YOUR TASK:
An exact copy of the entries is required, excluding any pictures.

GIVEN RECORDS:
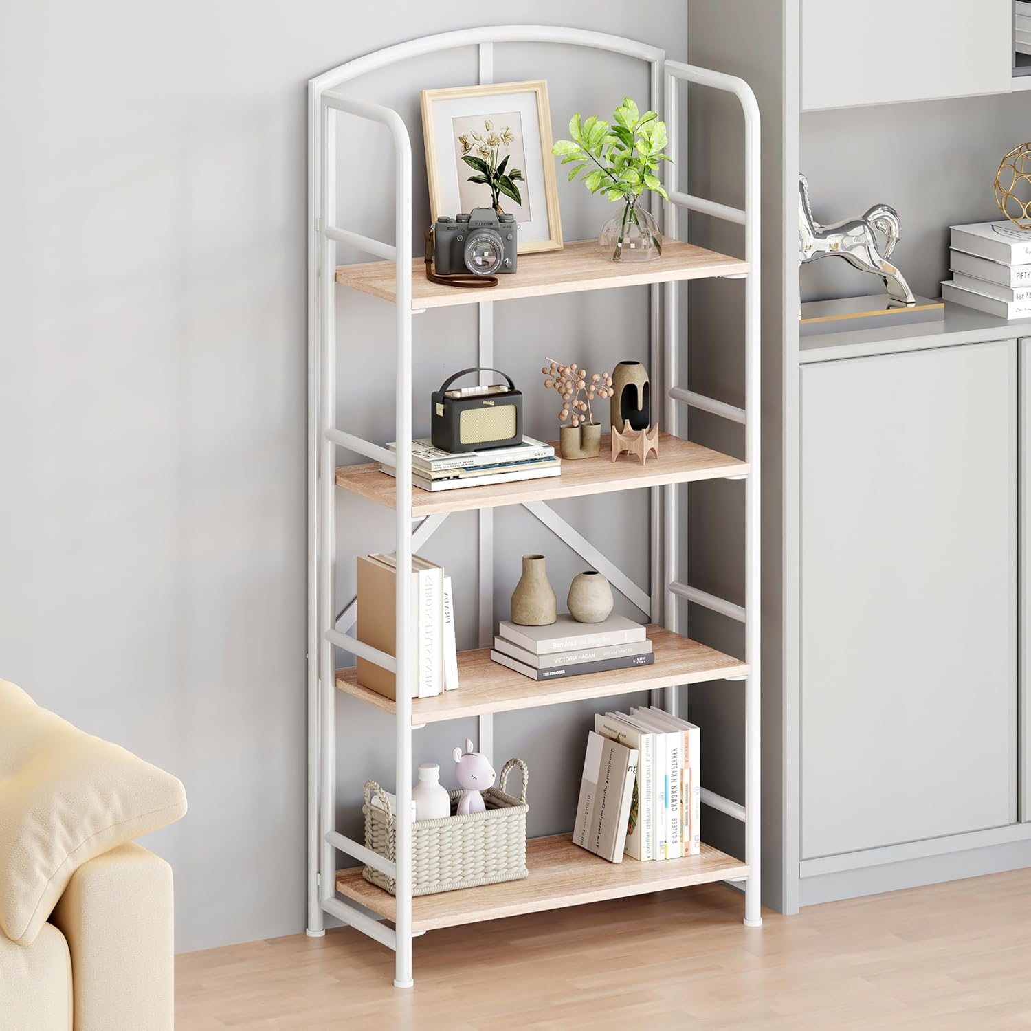 - Stable and Durable Collapsible Storage Shelves: The bookshelf with combines a sturdy metal frame to ensure stability and durability. This open bookshelf exhibits excellent weight-bearing capacity, a sleek appearance, and stability, guaranteeing quality for prolonged use.
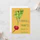 An invitation which could be used as a flyer for a Farmer's Market. From an original watercolour radish vegetable art illustration by artist Sacha Grossel. This colourful and vibrant vegetable art would certainly draw a crowd. It depicts a red and green organic radish in the genre of fruit and vegetable art.
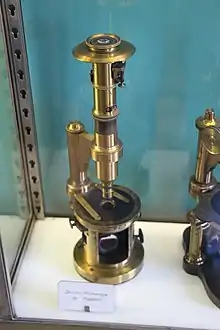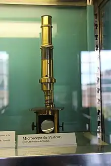 Pasteur « dispose d'une première orientation donnée par Cagniard de Latour ; il la développe et montre que c'est en tant qu'être vivant que la levure agit, et non en tant que matière organique en décomposition »[64]. Ces travaux bénéficient de la mise au point des premiers objectifs achromatiques dépourvus d'irisation parasite[65]. De 1857[66] à 1867, il publie des études sur les fermentations. Inaugurant la méthode des cultures pures[67], il établit que certaines fermentations (lactique, butyrique[68]) où on n'avait pas aperçu de substance jouant un rôle analogue à celui de la levure[69] (ce qui avait servi d'argument à Liebig[70]) sont bel et bien l'œuvre d'organismes vivants[71].
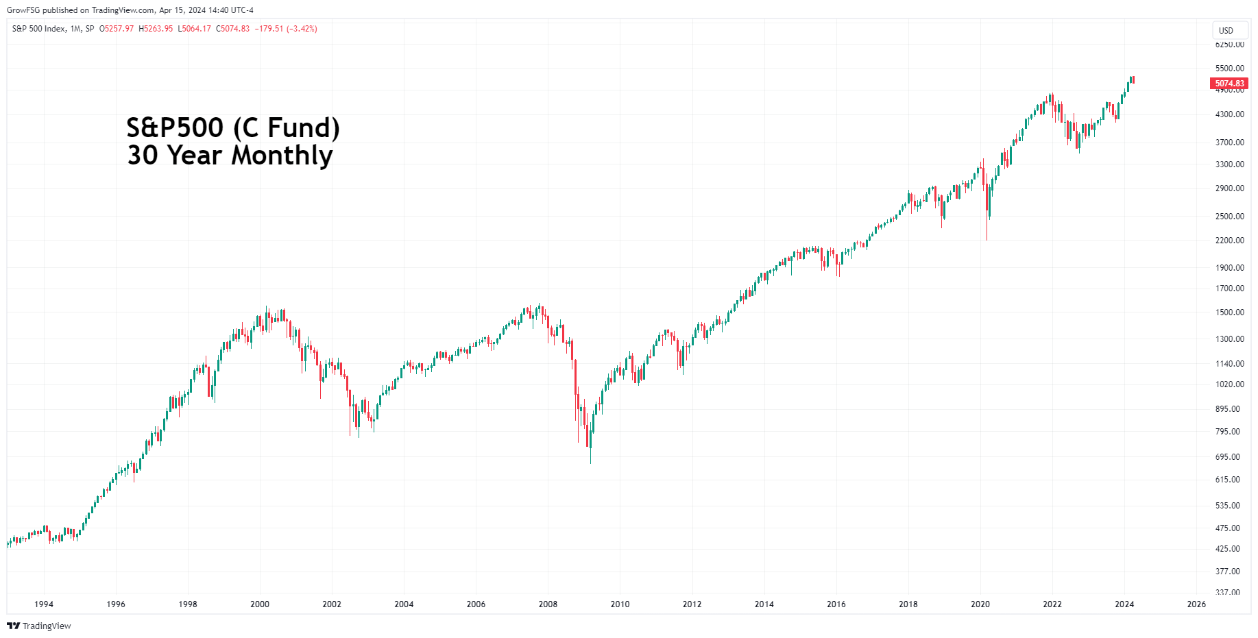 If you were fully allocated in the C fund over the past 30 years, the value of your account would look much more volatile as the chart below shows.
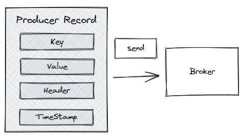 ProdcuerRecord에 담긴 정보에 따라 메시지를 보냄 (Topic,value 필수)
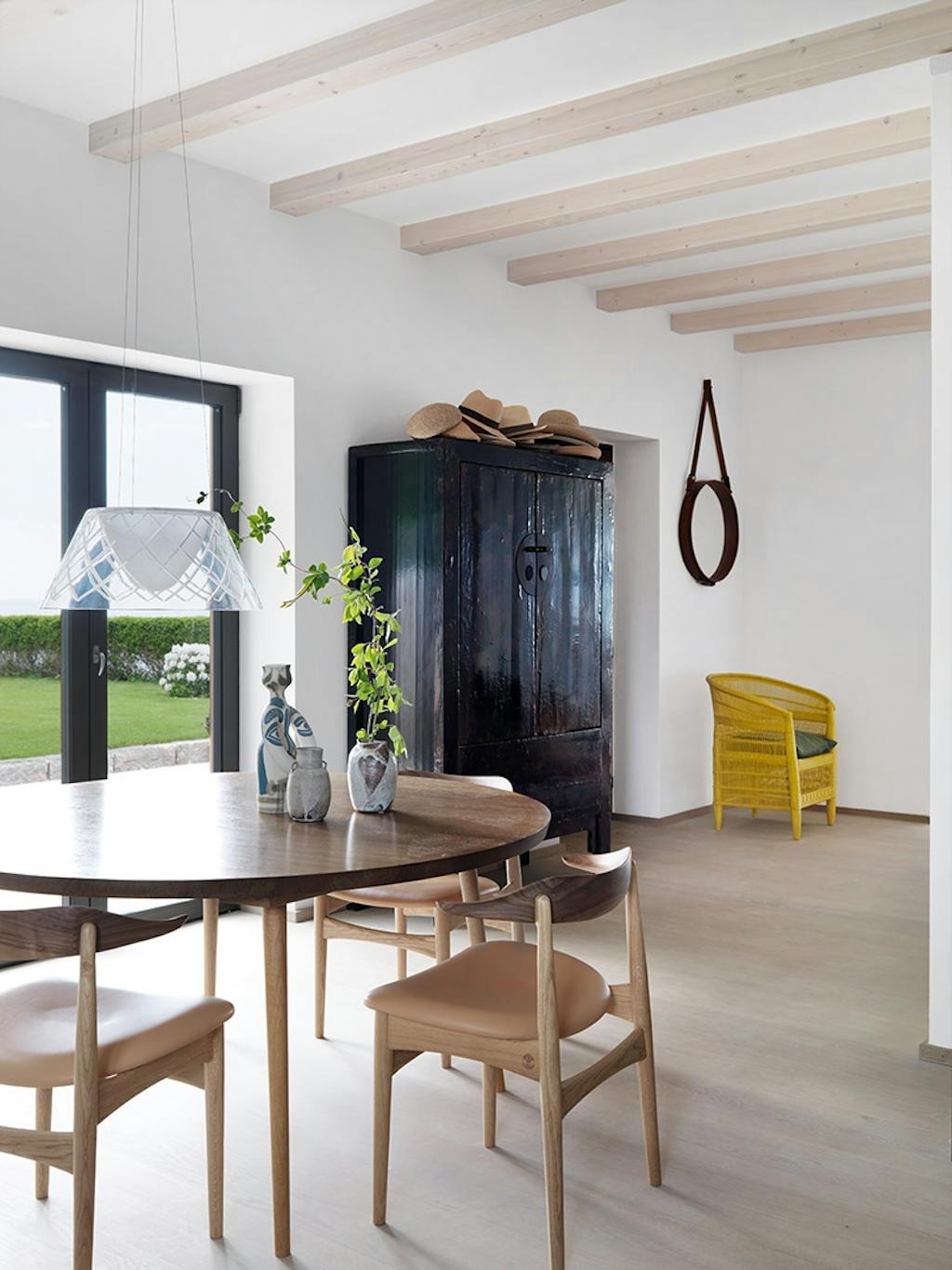 En lys farvepalet transcenderer hjemmets køkken og kombineret opholds- og spisestue, og brydes af kontrastfulde indspark, som den gule flettede stol i hjørnet og det sorte vintage skab.

REPLY:
 - Stable and Durable Collapsible Storage Shelves: The bookshelf with combines a sturdy metal frame to ensure stability and durability. This open bookshelf exhibits excellent weight-bearing capacity, a sleek appearance, and stability, guaranteeing quality for prolonged use.
 An invitation which could be used as a flyer for a Farmer's Market. From an original watercolour radish vegetable art illustration by artist Sacha Grossel. This colourful and vibrant vegetable art would certainly draw a crowd. It depicts a red and green organic radish in the genre of fruit and vegetable art.
 Pasteur « dispose d'une première orientation donnée par Cagniard de Latour ; il la développe et montre que c'est en tant qu'être vivant que la levure agit, et non en tant que matière organique en décomposition »[64]. Ces travaux bénéficient de la mise au point des premiers objectifs achromatiques dépourvus d'irisation parasite[65]. De 1857[66] à 1867, il publie des études sur les fermentations. Inaugurant la méthode des cultures pures[67], il établit que certaines fermentations (lactique, butyrique[68]) où on n'avait pas aperçu de substance jouant un rôle analogue à celui de la levure[69] (ce qui avait servi d'argument à Liebig[70]) sont bel et bien l'œuvre d'organismes vivants[71].
 If you were fully allocated in the C fund over the past 30 years, the value of your account would look much more volatile as the chart below shows.
 ProdcuerRecord에 담긴 정보에 따라 메시지를 보냄 (Topic,value 필수)
 En lys farvepalet transcenderer hjemmets køkken og kombineret opholds- og spisestue, og brydes af kontrastfulde indspark, som den gule flettede stol i hjørnet og det sorte vintage skab.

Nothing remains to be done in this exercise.